We're almost there ITER project is opening in 8 years expect everything!!!

Actually there are a lot of resources (minerals, rare metals etc) in space, and there are already companies who plan to send robots and then manned missions to recover them.

Check

planetaryresources.com/

>Can someone tell me why the FUCK we haven't landed on another celestial body since 1969?

There's no point unless you are colonizing, setting up a special base for mining, or similar thing. There's very little out there that would be viable for colonizing that an O'Neil cylinder wouldn't be a cheaper and better option. Oh, and mining isn't really worth all that much for Earth. We have plenty of resources. It is worth far more kept in space and used for space things, like building O'Neil cylinders.

It is cheaper and more economically viable to mine what Earth already has. We literally can't run out for another 100k years. Keep the materials in space to use in space.

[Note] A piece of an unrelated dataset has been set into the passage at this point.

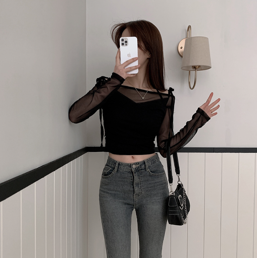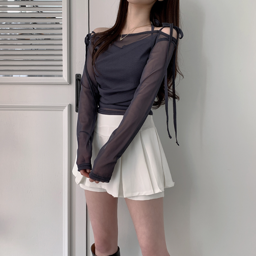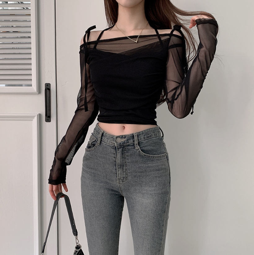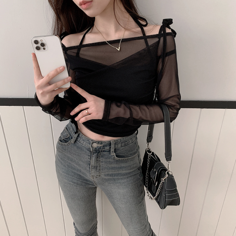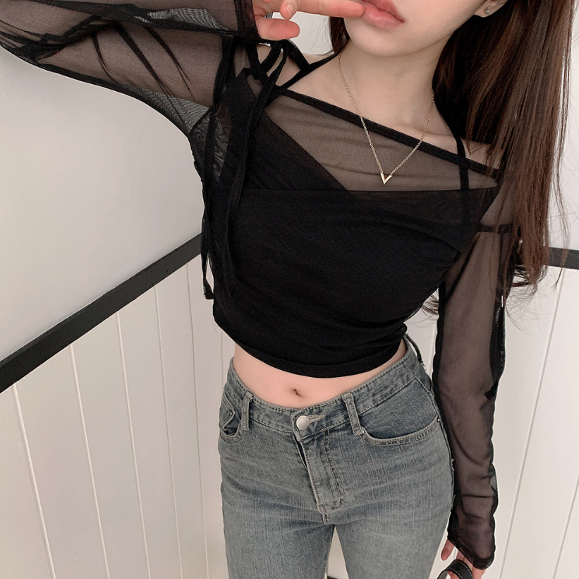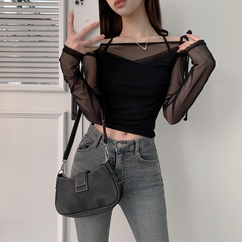 (•‾⌣‾•)一字肩透視T恤配小背心有點神秘小性感💕好適合入秋既天氣穿著❤️

>Don't they use ionizing radiation
No
> from fast decaying
No
> radioactive elements like plutonium
No
> or something
Well, yes
> in order to simulate
No
> the mechanism of solar panels?
No
> The so called atomic batteries?
No

I sincerely hope this cleared up things.

>manned flight around Jupiter would require a strong magnetic field around the ship to serve as a deflection shield.
No. A magnetic field does not deflect neutral particles.

>Or a fuck ton of mass.
Which would be hopeless to launch.
>either way you need big ass radiators for your reactor.
No. The radiators for the RTGs so far have been small. Scaling up means you scale up emissive surface areas but that doesn't have to be huge.

manned missions to jupiter is a meme, there's no gain in getting close enough into the range of jupiters consciousness that it might take notice of us

It might not even recognize us as intelligent life. We'll have to bring a big enough radio antenna to catch its attention.

Oldspace to the rescue. Expect such outpost by the end of the century if all goes well.

Except that the US and Russia have agreed on building a lunar orbital station so they can more easily test manned missions to celestial bodies. The return is going to happen. The only drop of bitterness is that they're going to decommission their only terrestrial orbital station in exchange, leaving the Earth's orbit to the fucking Chinese.